Unfortunately, Pennsylvania does not provide any of these assurances to voters, candidates, political parties or the nation. Instead, Pennsylvania law mandates little transparency or accountability when it comes to its computer-generated election tallies — something no business organization would tolerate in its information systems…

And yet, in Pennsylvania those officials close off all avenues by which forensic checks for evidence of tampering or miscounts could occur, then claim that no such evidence exists and that therefore Pennsylvania election systems are secure and accurate. This is utter nonsense. And it defies core principles of cyber risk management.

From a losing State Senate candidate in Colorado: Despite Jill Stein, Election Integrity Should Not Be A Partisan Issue  <read>

The recount in Wisconsin financed by two losing candidates, Jill Stein and Hillary Clinton, was a total farce, but hopefully it will not also become a tragedy. That could happen if the partisan motivation behind that episode gives election integrity concerns and complaints a bad name…

I have seen some of those weaknesses and vulnerabilities up close and personal. In Colorado on November 8, I lost my own race for re-election to the Colorado State Senate by 1,478 votes out of 81,774 ballots cast, or less than 2%. Our Republican judges and poll watchers observed numerous irregularities, and we can prove some fraudulent votes were cast. I did not demand a recount because the errors and fraud do not appear to be on a large enough scale to affect the outcome. Nonetheless, those weaknesses leave me with less than 100% confidence in the accuracy and integrity of the final count.

If there were 270 Republican ballots with questionable signatures, and Republicans are only 34% of registered voters, that means there were probably over 800 ballots with questionable signatures in that one legislative district alone. The Colorado Voter Group, a watchdog organization promoting election security, believes our signature verification system is inadequate and wide open to abuse.

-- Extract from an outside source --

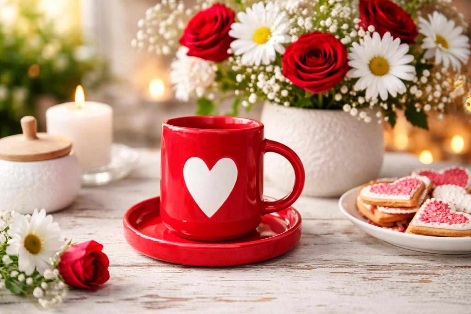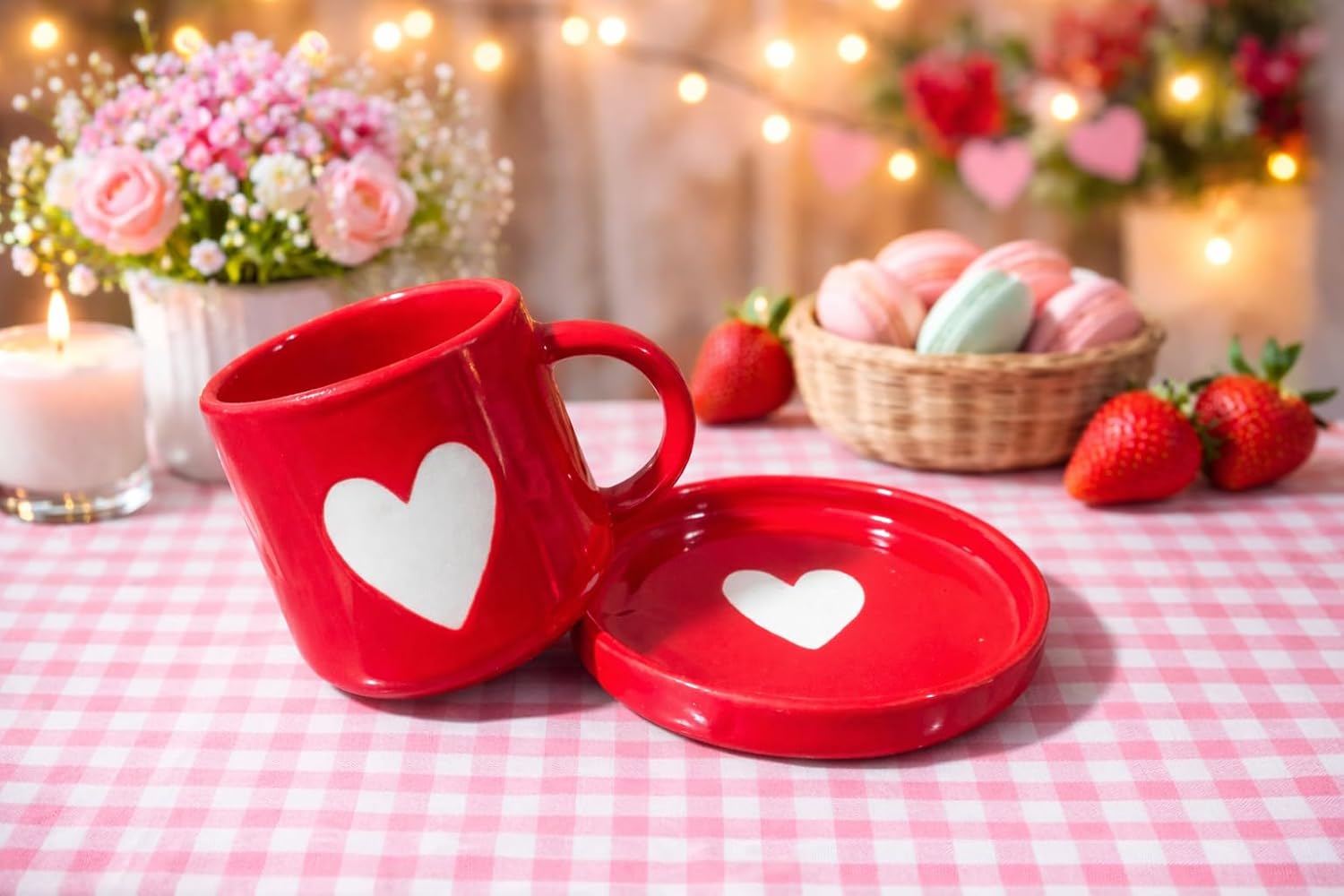 This stunning red ceramic cup and saucer set features a hand-painted white heart motif, symbolizing warmth, love, and connection. Its smooth glossy finish and ergonomic handle make it as functional as it is beautiful, perfect for savoring tea, coffee, milk, or hot chocolate.
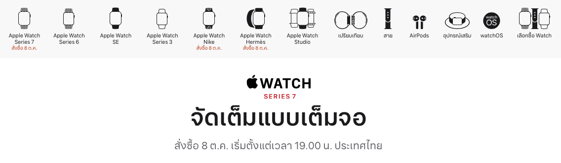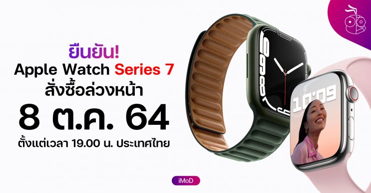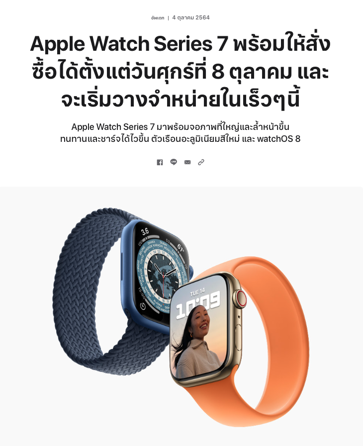 4 ต.ค. 64, Apple ประกาศหน้าเว็บว่า Apple Watch Series 7 เปิดให้สั่งซื้อล่วงหน้าวันที่ 8 ต.ค. 64 นี้ แต่ยังไม่ระบุว่าจะวางขายหน้าร้านเมื่อไหร่

What if Connecticut was one of the close states?

In summary, we don’t know exactly what would happen.

  • Unlike other states, Connecticut has no law for citizens to call for a recount.  They could always go to court and attempt with evidence to get a judge to order a recount.  That would likely end up in appeals court and likely the Supreme Court.
  • Unlike other states, we do not have a recount – the word does not appear in our statutes.  We have a recanvass which is something like a machine recount.
  • Our close-vote recanvass is at the 0.5% margin typical in other states. Yet is limited to margins of under 2000 votes.  So in this past November election by our calculatinsthat would be a margin of about 0.12%.
  • Unlike recounts in other states, our recanvasses are not closely observable by the general public. The law is a bit ambiguous, yet there are only a very limited number of observers allowed to each candidate and party, at most two each.  So, a town could easily have a recanvass with twenty-five teams of counters, with a Jill Stein, Hillary Clintion, and Donald Trump limited to two close observers each. Hardly enough to closely observe ballots marks counted at 25 tables.
  • Unlike recounts in other states, parties and candidates have no standing to object to the proceedings or to participate and dispute the counting of particular ballots.  In practice party lawyers observe the process to find procedural errors to take to court and call for a “recount”.  The last time that happened, the result was a repeat recanvass, with a party lawyer put in charge (it was a primary).  The only difference was that he sat and watched while essentially the same process was repeated.
  • In practice, the recanvasses vary in their interpretation and adherence to the law from town to town.  Recall that was one of the Supreme Court’s objection to the Florida recount in Gore v. Bush – that it was unfair, because it was not uniform across Florida Counties.

Our best guess is that Connecticut would rank close to Pennsylvania.  Observed variations and poor recanvass procedures, with courts sooner or later. stopping or blocking the recanvass.